No. Code that uses <wctype.h> and wcwidth() is written precisely according
to POSIX. The problem is that this code cannot work correctly when wchar_t[]
is in UTF-16 encoding. There simply is no way to define these functions
in a reasonable way for surrogates.

For example:
  U+1031E = 0xD800 0xDF1E   is a letter (iswalpha should be true)
  U+10320 = 0xD800 0xDF20   is not a letter (iswalpha should be false)
  U+1D31E = 0xD834 0xDF1E   is not a letter (iswalpha should be false)
  U+1D320 = 0xD834 0xDF20   is not a letter (iswalpha should be false)
  U+1D71E = 0xD835 0xDF1E   is a letter (iswalpha should be true)
  U+1D720 = 0xD835 0xDF20   is a letter (iswalpha should be true)
There is no way that a system can provide this information through a
function 'iswalpha' that takes a single wchar_t argument.

It would be possible to provide this information
  - either through a function iswalpha2 (wchar_t wc1, wchar_t wc2)
    that takes two wchar_t arguments,
  - or through a function uc_is_alpha (ucs4_t uc),
but that is not POSIX, and it would require rewriting each and every
piece of code that currently uses <wctype.h> in the POSIX way.

> we can (try) to make the various wc* functions try to
> behave as smartly as possible (as is the case with Cygwin); where those
> smarts are only needed when you use surrogate pairs.

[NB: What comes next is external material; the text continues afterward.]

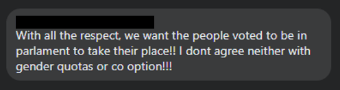 The reform argues that gender quotas are relevant to our country’s situation, with them being required to compensate for structural discrimination, “Gender quotas do not discriminate. Rather, they compensate for existing barriers that hinder women from receiving their fair share of political seats preventing further barriers and mechanisms of exclusion.”.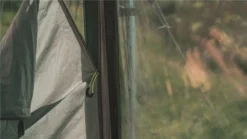 Throughout the tent there three main zones for cooking, living and sleeping. Each zone flows easily into the next and can be positioned to your desired setup. Large tinted PVC windows give plenty of light into the tent and visibility out; below the window are zip up curtains to get privacy when needed and can be adjusted to give as much or as little light as you want. If the tent isnโt big enough an additional front awning can be added onto the tent to make it bigger while retaining a more manageable pack size & weight.

The point is that this approach can work fine for mbrtowc() and wcrtomb(),
but it cannot yield a working definition for the <wctype.h> functions and
wcwidth().

> >   2) Code that uses mbrtowc() or wcrtomb() is also likely to malfunction.
> >      On Cygwin >= 1.7 mbrtowc() and wcrtomb() is implemented in an intelligent
> >      but somewhat surprising way: wcrtomb() may return 0, that is, produce no
> >      output bytes when it consumes a wchar_t.
> 
> >   Now with a chinese character outside the BMP:
> >   $ 	
> >         1       4
> >   $ printf 'a \xf0\xa1\x88\xb4 b\n' | wc -w -m
> >         3       6
> > 
> >   On Cygwin 1.7.5 (with LANG=C.UTF-8 and 'wc' from GNU coreutils 8.5):
> > 
> >   $ printf 'a\xf0\xa1\x88\xb4b\n' | wc -w -m
> >         1       5
> >   $ printf 'a \xf0\xa1\x88\xb4 b\n' | wc -w -m
> >         2       7
> >
> >   So both the number of characters and the number of words are counted
> >   wrong as soon as non-BMP characters occur.
> >
> 
> Does this represent a bug in cygwin's mbrtowc routines that could be
> fixed by cygwin?
> 
> Or, does this represent a bug in coreutils for using mbrtowc one
> character at a time instead of something like mbsrtowcs to do bulk
> conversions?

We agree that it is a bug. And it is caused by
  - the fact that Cygwin's wchar_t[] encoding is UTF-16, and
  - there is no way to define the <wctype.h> POSIX functions sanely in this
    setting, and
  - coreutils and gnulib make use of the POSIX functions.

Even if coreutils were to use mbsrtowcs instead of repeated use of
mbrtowc, there would be no way for it to produce the correct result
without combining surrogates into entire characters.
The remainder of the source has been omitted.